-
Notifications
You must be signed in to change notification settings - Fork 137
Description
Summary
A safety vulnerability exists in the EPaxos implementation where replicas can respond to PreAccept messages before durably persisting the instance state. After a crash and restart, a replica may "forget" its participation in a fast quorum, breaking quorum intersection guarantees. This can allow two conflicting commands to both fast-commit with empty dependency sets, leading to execution order divergence and state inconsistency across replicas.
Bug Location
File: src/epaxos/epaxos.go
Function: handlePreAccept (lines 900-998) and sync (lines 218-224)
Problematic Code
1. The sync() function may be a no-op:
// sync with the stable store
func (r *Replica) sync() {
if !r.Durable { // ⚠️ If Durable=false, nothing is persisted!
return
}
r.StableStore.Sync()
}2. PreAccept handler sends response after sync():
func (r *Replica) handlePreAccept(preAccept *epaxosproto.PreAccept) {
// ... update instance state in memory ...
r.InstanceSpace[preAccept.Replica][preAccept.Instance] = &Instance{
preAccept.Command,
preAccept.Ballot,
status,
seq,
deps,
// ...
}
r.recordInstanceMetadata(r.InstanceSpace[preAccept.Replica][preAccept.Instance])
r.recordCommands(preAccept.Command)
r.sync() // ← This may do nothing if Durable=false!
// Then send response (lines 982-995)
if changed || uncommittedDeps || ... {
r.replyPreAccept(preAccept.LeaderId, &epaxosproto.PreAcceptReply{...})
} else {
r.SendMsg(preAccept.LeaderId, r.preAcceptOKRPC, pok)
}
}Root Cause
- Default configuration:
Durable = falseby default, meaningsync()does nothing - Even with
Durable = true: There's still a window betweensync()completing and network send - Memory-only state: If crash occurs after sending PreAcceptOK but before actual disk persistence, the instance state is lost
Attack Scenario
Consider N=5 replicas (R0-R4):
-
Command A issued to R0:
- R0 broadcasts
PreAccept(A)to fast quorum {R0, R1, R2, R3} - All reply
PreAcceptOK(A, seq=1, deps=∅) - R0 fast-commits A
- R0 broadcasts
-
R2 crashes after sending PreAcceptOK but before durable persistence:
- R2's in-memory state of A is lost
- On restart, R2 has no record of A
-
Command B (conflicting with A) issued to R4:
- R4 broadcasts
PreAccept(B)to fast quorum {R1, R2, R3, R4} - R2 (having "forgotten" A) replies
PreAcceptOK(B, seq=1, deps=∅) - R4 fast-commits B with no dependency on A
- R4 broadcasts
-
Result: Both A and B are committed with
seq=1anddeps=∅- R0, R1 execute: A then B → final value = B
- R3, R4 execute: B then A → final value = A
- State divergence!
Test Case
func TestCrashThenForgetFastQuorumVotes(t *testing.T)Test Output:
=== RUN TestCrashThenForgetFastQuorumVotes
crash_then_forget_fast_quorum_test.go:167: Both A and B are COMMITTED
with no dependency edges between them on all replicas.

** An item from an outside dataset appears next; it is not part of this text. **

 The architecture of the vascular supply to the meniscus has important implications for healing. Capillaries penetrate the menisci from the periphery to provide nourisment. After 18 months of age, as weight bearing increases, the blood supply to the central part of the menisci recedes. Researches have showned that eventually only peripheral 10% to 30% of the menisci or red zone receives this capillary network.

crash_then_forget_fast_quorum_test.go:220: Final values for key k
across replicas: [2 2 2 1 1]
crash_then_forget_fast_quorum_test.go:223: execution-order agreement
violation: replicas disagree on final value of k (min=1, max=2)
--- FAIL: TestCrashThenForgetFastQuorumVotes (0.12s)
Impact
- Severity: Critical
- Type: Safety/Agreement violation
- Impact: Replicas can permanently diverge in state, violating linearizability
Suggested Fix
Option 1: Force durable persistence before responding
func (r *Replica) handlePreAccept(preAccept *epaxosproto.PreAccept) {
// ... update instance state ...
r.recordInstanceMetadata(inst)
r.recordCommands(preAccept.Command)
// MUST sync before responding, regardless of Durable flag
r.StableStore.Sync() // Force sync
// Only then send response
r.replyPreAccept(...)
}Option 2: Make Durable=true the default
func NewReplica(...) *Replica {
r := &Replica{
// ...
Durable: true, // Default to durable for safety
// ...
}
}Option 3: Use write-ahead logging
Ensure all state changes are written to a WAL before any response is sent, and replay the WAL on recovery.
Notes
This is a known class of vulnerability in distributed consensus systems. The EPaxos paper assumes durable storage semantics, but the implementation allows non-durable mode for testing/performance, which breaks safety guarantees.